Curtain up on a starry night. Comets fire across the sky. Center stage, one star shines more brightly than the rest, its spotlight points towards a globe of the earth as it spins from a thread. Glitter falls, as a white screen rises, the lights glow brighter filling the stage.

Blackout.

Single spot tight on a woman’s face

We are unsure if she is in pain or ecstasy. No movement until, at last, she exhales, then pants quickly, rhythmically. Her face glistens. The spot widens, revealing two nurses, dressed in starched whites, symmetrically dabbing her face.

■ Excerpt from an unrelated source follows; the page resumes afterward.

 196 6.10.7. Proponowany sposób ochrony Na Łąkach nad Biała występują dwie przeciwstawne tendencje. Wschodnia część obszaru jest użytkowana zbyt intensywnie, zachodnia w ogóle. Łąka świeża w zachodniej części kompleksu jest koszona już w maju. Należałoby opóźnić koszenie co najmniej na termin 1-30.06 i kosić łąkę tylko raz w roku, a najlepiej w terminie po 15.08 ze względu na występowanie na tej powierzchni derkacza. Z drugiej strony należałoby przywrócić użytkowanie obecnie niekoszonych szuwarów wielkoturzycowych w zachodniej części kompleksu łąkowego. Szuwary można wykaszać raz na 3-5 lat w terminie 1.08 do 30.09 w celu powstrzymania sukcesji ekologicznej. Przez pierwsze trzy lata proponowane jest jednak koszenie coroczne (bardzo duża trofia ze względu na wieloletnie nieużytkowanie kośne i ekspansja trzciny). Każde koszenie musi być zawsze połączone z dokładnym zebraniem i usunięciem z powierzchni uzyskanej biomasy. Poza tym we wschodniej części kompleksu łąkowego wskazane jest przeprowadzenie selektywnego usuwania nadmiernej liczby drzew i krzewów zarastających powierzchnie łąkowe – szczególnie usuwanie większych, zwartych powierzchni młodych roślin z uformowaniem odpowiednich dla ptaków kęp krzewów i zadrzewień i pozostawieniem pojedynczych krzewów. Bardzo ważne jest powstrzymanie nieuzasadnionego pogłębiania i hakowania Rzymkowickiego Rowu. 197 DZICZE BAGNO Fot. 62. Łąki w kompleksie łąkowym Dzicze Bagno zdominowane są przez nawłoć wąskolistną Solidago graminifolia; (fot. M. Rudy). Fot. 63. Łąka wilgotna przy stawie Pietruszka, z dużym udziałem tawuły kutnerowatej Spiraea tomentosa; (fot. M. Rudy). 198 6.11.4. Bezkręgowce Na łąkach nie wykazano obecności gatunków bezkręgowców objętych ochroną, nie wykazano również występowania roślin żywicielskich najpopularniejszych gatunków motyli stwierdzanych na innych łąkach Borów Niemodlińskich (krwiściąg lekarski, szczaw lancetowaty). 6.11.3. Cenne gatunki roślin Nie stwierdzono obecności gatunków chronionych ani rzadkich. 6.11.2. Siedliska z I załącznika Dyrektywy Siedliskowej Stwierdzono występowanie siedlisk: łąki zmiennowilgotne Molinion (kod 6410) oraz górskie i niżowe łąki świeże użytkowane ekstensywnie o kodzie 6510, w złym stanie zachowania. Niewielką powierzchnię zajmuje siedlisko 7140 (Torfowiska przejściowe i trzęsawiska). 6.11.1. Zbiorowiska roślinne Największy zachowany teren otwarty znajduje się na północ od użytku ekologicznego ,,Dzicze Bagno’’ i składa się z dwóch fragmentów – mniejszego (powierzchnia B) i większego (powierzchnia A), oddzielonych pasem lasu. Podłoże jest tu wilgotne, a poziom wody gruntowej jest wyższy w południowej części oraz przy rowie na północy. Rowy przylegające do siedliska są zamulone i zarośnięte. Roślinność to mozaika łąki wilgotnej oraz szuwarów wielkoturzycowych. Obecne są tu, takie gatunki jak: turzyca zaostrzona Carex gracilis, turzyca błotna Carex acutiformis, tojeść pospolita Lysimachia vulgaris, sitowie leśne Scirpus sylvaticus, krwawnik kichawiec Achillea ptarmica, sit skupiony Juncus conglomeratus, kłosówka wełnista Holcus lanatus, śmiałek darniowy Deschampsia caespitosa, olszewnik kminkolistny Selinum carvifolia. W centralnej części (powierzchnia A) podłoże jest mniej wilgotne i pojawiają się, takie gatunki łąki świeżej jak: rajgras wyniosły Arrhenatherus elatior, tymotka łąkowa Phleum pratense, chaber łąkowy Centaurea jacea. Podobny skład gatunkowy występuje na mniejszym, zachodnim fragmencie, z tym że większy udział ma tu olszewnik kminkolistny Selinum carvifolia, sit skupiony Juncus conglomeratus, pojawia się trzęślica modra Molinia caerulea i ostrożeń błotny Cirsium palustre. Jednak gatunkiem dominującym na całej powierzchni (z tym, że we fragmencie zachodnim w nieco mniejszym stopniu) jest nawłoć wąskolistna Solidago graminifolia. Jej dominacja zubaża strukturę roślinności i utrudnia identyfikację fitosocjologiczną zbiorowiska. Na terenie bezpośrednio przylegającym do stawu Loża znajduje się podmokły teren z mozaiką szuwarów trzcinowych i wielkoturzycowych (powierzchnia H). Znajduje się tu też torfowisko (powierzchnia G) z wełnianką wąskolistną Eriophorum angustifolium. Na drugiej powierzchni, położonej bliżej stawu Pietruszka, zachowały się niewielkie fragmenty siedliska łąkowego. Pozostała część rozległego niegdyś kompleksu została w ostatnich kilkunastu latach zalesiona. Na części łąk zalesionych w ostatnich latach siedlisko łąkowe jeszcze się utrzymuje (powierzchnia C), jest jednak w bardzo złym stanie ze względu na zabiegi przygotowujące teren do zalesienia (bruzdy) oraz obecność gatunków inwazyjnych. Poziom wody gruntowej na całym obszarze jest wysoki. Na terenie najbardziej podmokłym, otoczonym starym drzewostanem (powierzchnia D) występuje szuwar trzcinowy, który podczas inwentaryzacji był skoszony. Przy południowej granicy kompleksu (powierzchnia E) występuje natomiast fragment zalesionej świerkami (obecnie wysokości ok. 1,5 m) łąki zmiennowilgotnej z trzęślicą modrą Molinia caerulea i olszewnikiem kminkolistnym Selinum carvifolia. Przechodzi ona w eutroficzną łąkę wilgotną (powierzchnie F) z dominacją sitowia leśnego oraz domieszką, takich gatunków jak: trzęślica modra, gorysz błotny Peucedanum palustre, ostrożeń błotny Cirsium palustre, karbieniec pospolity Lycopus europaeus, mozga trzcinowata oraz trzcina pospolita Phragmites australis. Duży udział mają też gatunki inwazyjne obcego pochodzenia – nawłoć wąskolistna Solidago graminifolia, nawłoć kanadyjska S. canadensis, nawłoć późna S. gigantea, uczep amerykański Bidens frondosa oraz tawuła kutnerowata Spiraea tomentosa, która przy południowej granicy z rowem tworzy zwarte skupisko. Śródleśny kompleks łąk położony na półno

The woman is Mrs. Kemp, and she is about to give birth. Three mid-wives are guided by house lights through the audience to her bedside. Each carries a different gift: towels, a basin of hot water, and swaddling.

It’s May 3rd 1938, and Lindsay Kemp is about to be born.

Blackout.

Though this maybe a fiction, it is all too believable, for nothing is unbelievable when it comes to Lindsay Kemp.

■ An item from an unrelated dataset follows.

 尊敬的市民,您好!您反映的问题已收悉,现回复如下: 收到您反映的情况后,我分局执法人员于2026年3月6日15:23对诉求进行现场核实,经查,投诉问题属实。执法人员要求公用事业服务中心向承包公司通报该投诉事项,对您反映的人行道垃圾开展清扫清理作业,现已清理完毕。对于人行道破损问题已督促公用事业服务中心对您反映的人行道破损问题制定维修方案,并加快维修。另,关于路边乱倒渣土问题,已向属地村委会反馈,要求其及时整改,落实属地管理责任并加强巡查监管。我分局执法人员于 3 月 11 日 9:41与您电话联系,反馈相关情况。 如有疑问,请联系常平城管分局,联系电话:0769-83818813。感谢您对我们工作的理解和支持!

Lindsay Kemp has agreed to give a telephone interview. He is to be called at his home in Italy, by Paul Gallagher from Dangerous Minds, who is based in Scotland. We never hear the interviewer’s questions, only Kemp’s answers and see his facial expressions as he listens to questions.

Photographs of Kemp’s career appear on screens. We hear a recording of his voice.

Lindsay Kemp:

I began dancing the same as everybody does, at birth. The only difference was, unlike many other people, I never stopped. In other words, you know, I love movement. Movement gave me such a great pleasure, such a great joy.

Dance is really my life. I’ve always said for me ‘Dance is Life, Dance is Living, Dance is Life and Life is Dance’. I’ve never really differentiated between the two of them. It’s always been a way of life, a kind of celebration of living.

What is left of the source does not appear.